Problem - All of the data that follows is to be written out exactly, with images excluded.

--- Data shown ---

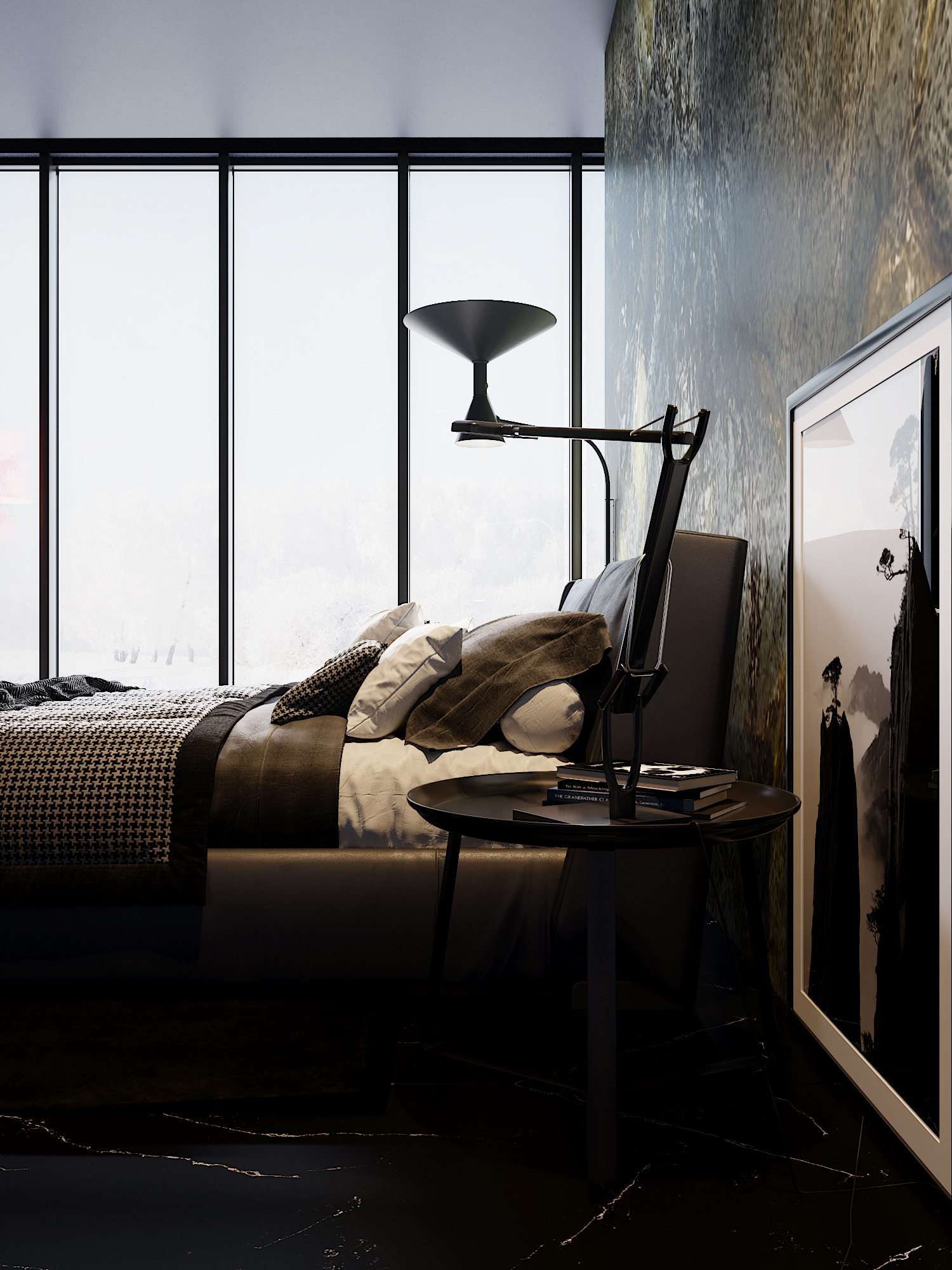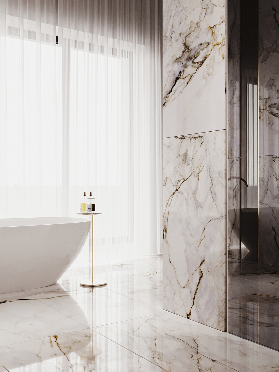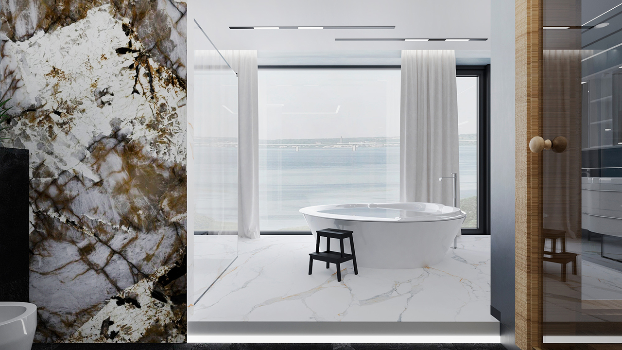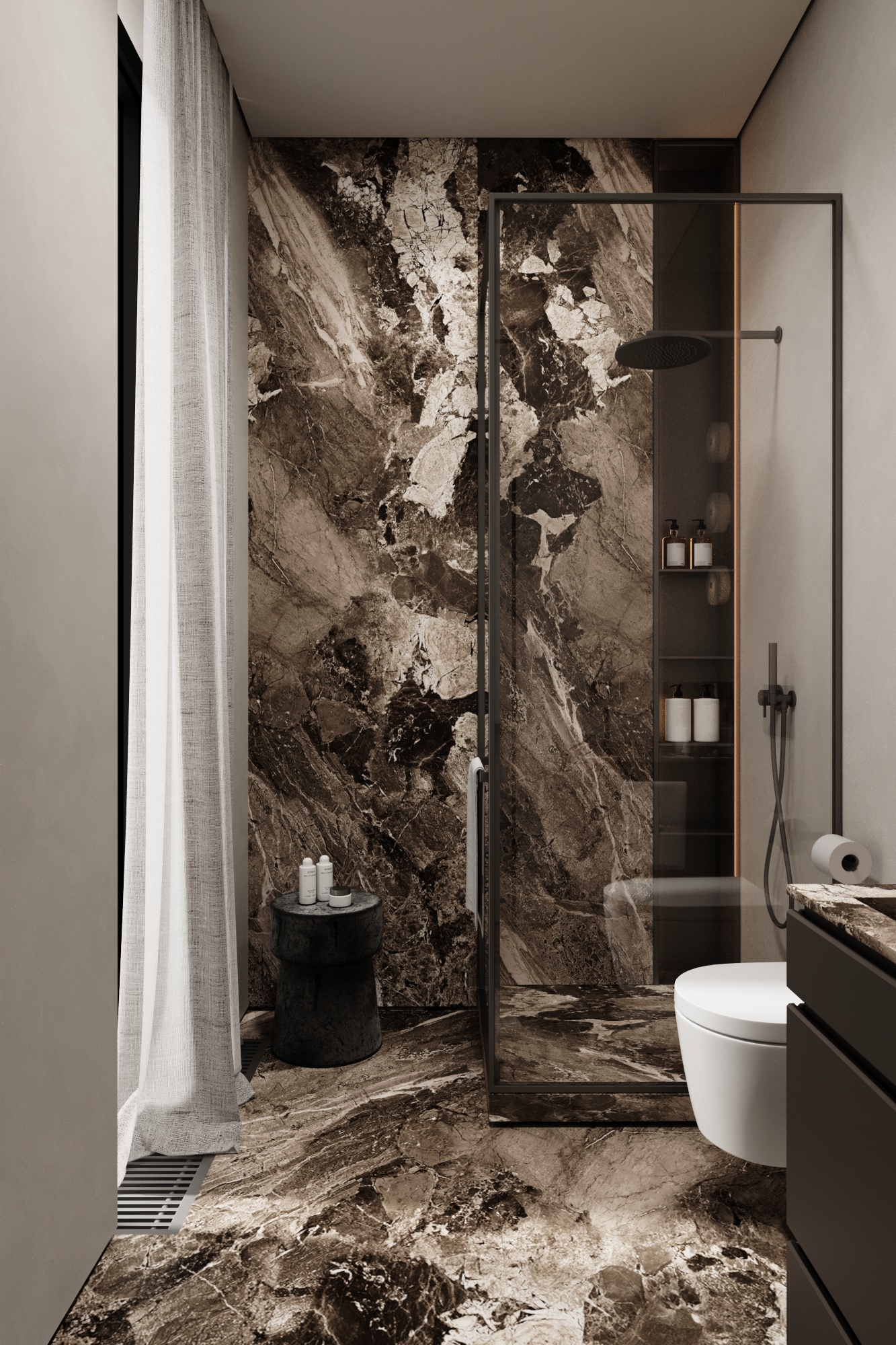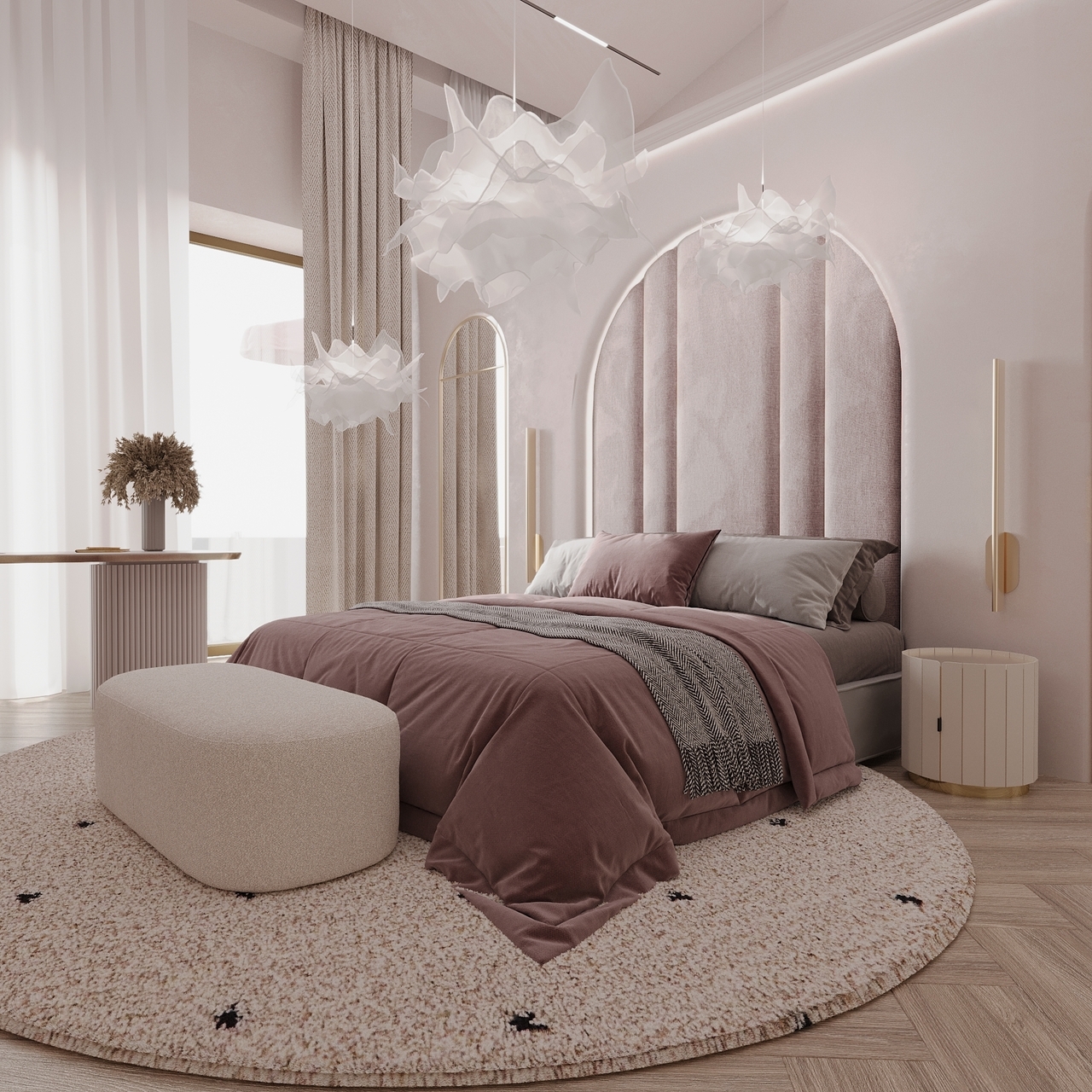 Концепция: Соединение контрастов: Дерзость форм (мраморная стена-артобъект, открытая ванная) и минимализм линий (чистые геометрические объемы) Театральность (игра света, круговой камин как центр композиции) и рациональность (эргономичное зонирование, скрытые системы хранения) Ручная работа (гипсовая лепнина, созданная на месте) и современные технологии (интегрированные инженерные решения)
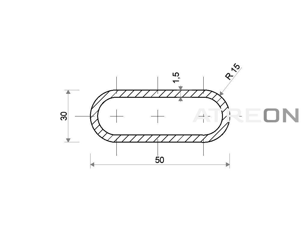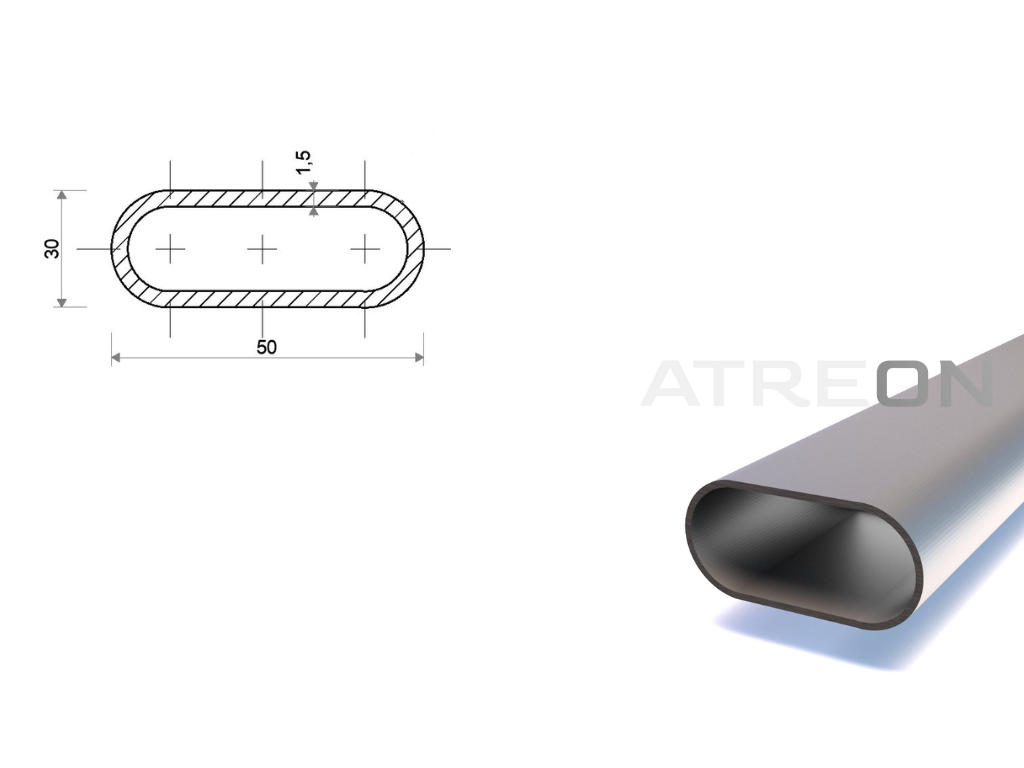 Oceľová oválna rúra 50x30x1,5 je štandardne zváraný typ oceľovej rúry (profilu), ktorý má plochooválny prierez. Je typický vysokou pevnosťou, nízkou hmotnosťou a estetickým vzhľadom. Využitie nachádza najmä v stavebníctve, strojárstve a priemysle. Plochoovál so šírkou profilu 50 mm, výškou profilu 30 mm, hrúbkou 1,5 mm a hmotnosťou 9,12 kg sa dodáva v štandardnej výrobnej dĺžke 6 m v akosti S235. Hmotnosť na 1 m je 1,52 kg.
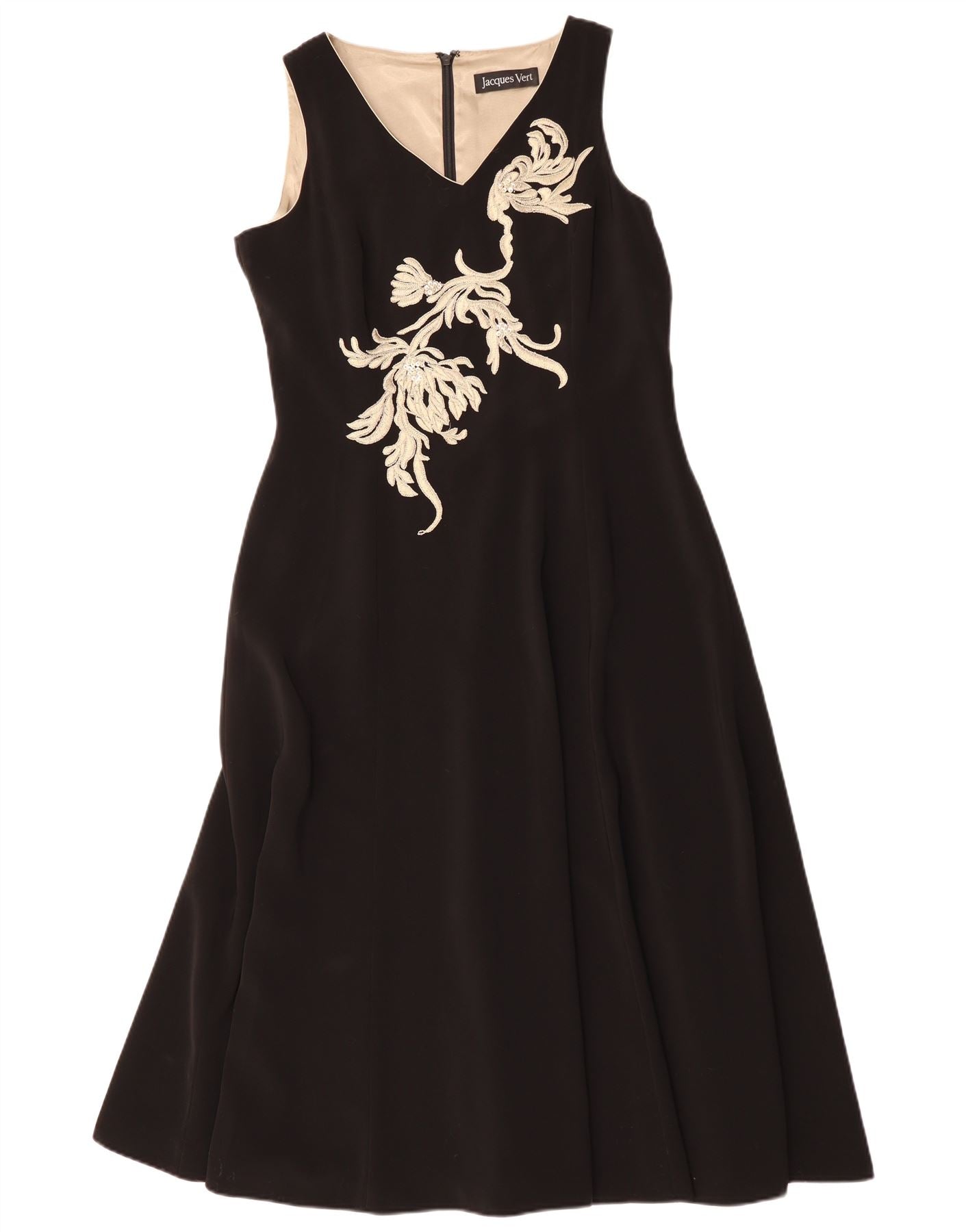 JACQUES VERT Dame ærmeløs Maxikjole UK 14 Stor sort polyester

---

Reply to the task -
 Концепция: Соединение контрастов: Дерзость форм (мраморная стена-артобъект, открытая ванная) и минимализм линий (чистые геометрические объемы) Театральность (игра света, круговой камин как центр композиции) и рациональность (эргономичное зонирование, скрытые системы хранения) Ручная работа (гипсовая лепнина, созданная на месте) и современные технологии (интегрированные инженерные решения)
 Oceľová oválna rúra 50x30x1,5 je štandardne zváraný typ oceľovej rúry (profilu), ktorý má plochooválny prierez. Je typický vysokou pevnosťou, nízkou hmotnosťou a estetickým vzhľadom. Využitie nachádza najmä v stavebníctve, strojárstve a priemysle. Plochoovál so šírkou profilu 50 mm, výškou profilu 30 mm, hrúbkou 1,5 mm a hmotnosťou 9,12 kg sa dodáva v štandardnej výrobnej dĺžke 6 m v akosti S235. Hmotnosť na 1 m je 1,52 kg.
 JACQUES VERT Dame ærmeløs Maxikjole UK 14 Stor sort polyester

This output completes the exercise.